I nodded. ‘Yours will, Daphne, don’t worry.’ I then smiled, ‘Just be careful of us men, that’s all. Don’t want to risk ending up with a rotter, do you?’
‘Rotter?’ She swirled her brandy in her glass. ‘You’re not a rotter, are you?’
‘Hope not. But there are quite a few about, you know.’
‘You don’t need to tell me about that, Tom. Meet all sorts in my job, I do. Nice ones, nasty ones, decent ones, dirty ones ...’
‘How did you meet that fellow you told me about? The one with a bit of money, who takes you to the Imperial sometimes.’
‘Oh, him.’ She shook her head. ‘No, not through dancing. No, he’s no need to come to a place like ours. Dances like a dream, he does ... er ... or so I’m told.’
I couldn’t figure whether her last comment was to conceal she had in fact danced with him, or was, in fact, the truth.
‘Your fiancée — what was her name again? Rebecca, that’s it — is she a good dancer?’
I nodded. ‘Very good. Loves it.’ I looked hard into those green eyes. ‘Always dragging me off in the afternoon to thé dansant, that kind of thing. That’s why she said I should have lessons, so that I could keep up with her.’
‘Funny that, my friend used to be a —’ She stopped suddenly. ‘Oh, never mind.’
‘No, go on.’
She shook her head. ‘No. Not important.’ This time she looked me in the eyes. ‘Do you mind me asking you something?’
‘Try me.’
‘Well, you don’t strike me as the kind of man who would come to a place like ours.’ She grinned into her brandy. ‘Or be dragged around by no girl, fiancée or not. It’s been bothering me ever since I laid eyes on you.
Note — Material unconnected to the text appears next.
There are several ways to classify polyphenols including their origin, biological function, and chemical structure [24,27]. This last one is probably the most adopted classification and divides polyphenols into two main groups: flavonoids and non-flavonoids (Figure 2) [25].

So what —’
I didn’t like the way the conversation was going, so I cut in, ‘That’s what I meant earlier about the male species — appearances can be deceptive.’
‘All the same —’ she sipped her drink reflectively.
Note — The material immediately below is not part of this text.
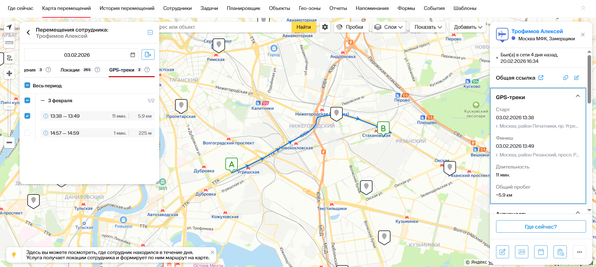 Подробности о перемещениях и GPS-треках отображаются в карточке сотрудника в правой части экрана.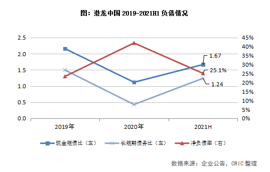 凈負債率和剔除預(yù)收款的資產(chǎn)負債率相比期初下降,成功跨入綠檔。截止至2021年6月30日,港龍中國的凈負債率為25.1%,相比于2020年的42%,下降了16.9個百分點,回到2019年水平,遠低于行業(yè)平均。剔除預(yù)收款的資產(chǎn)負債率達67.7%,較期初下降14.5個百分點,低于三道紅線70%的閾值,成功跨入綠檔。

‘Anyway,’ I said, ‘I take it this fellow of yours isn’t the type to be dragged around either. Or is he?’
‘Not ruddy likely. He knows where he’s going, he does. Nothing would stop him doing what he wants.’
‘What does he do for a living? I mean, where does his money come from?’
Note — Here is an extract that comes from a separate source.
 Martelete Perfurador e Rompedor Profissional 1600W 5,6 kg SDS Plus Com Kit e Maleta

She looked at me suspiciously. ‘Oh, he — er — inherited most of it.’
‘Lucky man. Must be very nice to have had rich parents.’
‘No, it’s nothing like that. He’s had to work.’ She stopped and found refuge in her brandy.
‘But I thought you said he’d inherited money?’
She put down her glass. ‘Now, Tom, don’t let’s keep talking about my friends, for goodness’ sake.’ Her eyelids fluttered. ‘After all, I don’t keep asking you about yours, do I? Fact, I don’t wanna know. I like to think of you as, well, sort of unattached, like.’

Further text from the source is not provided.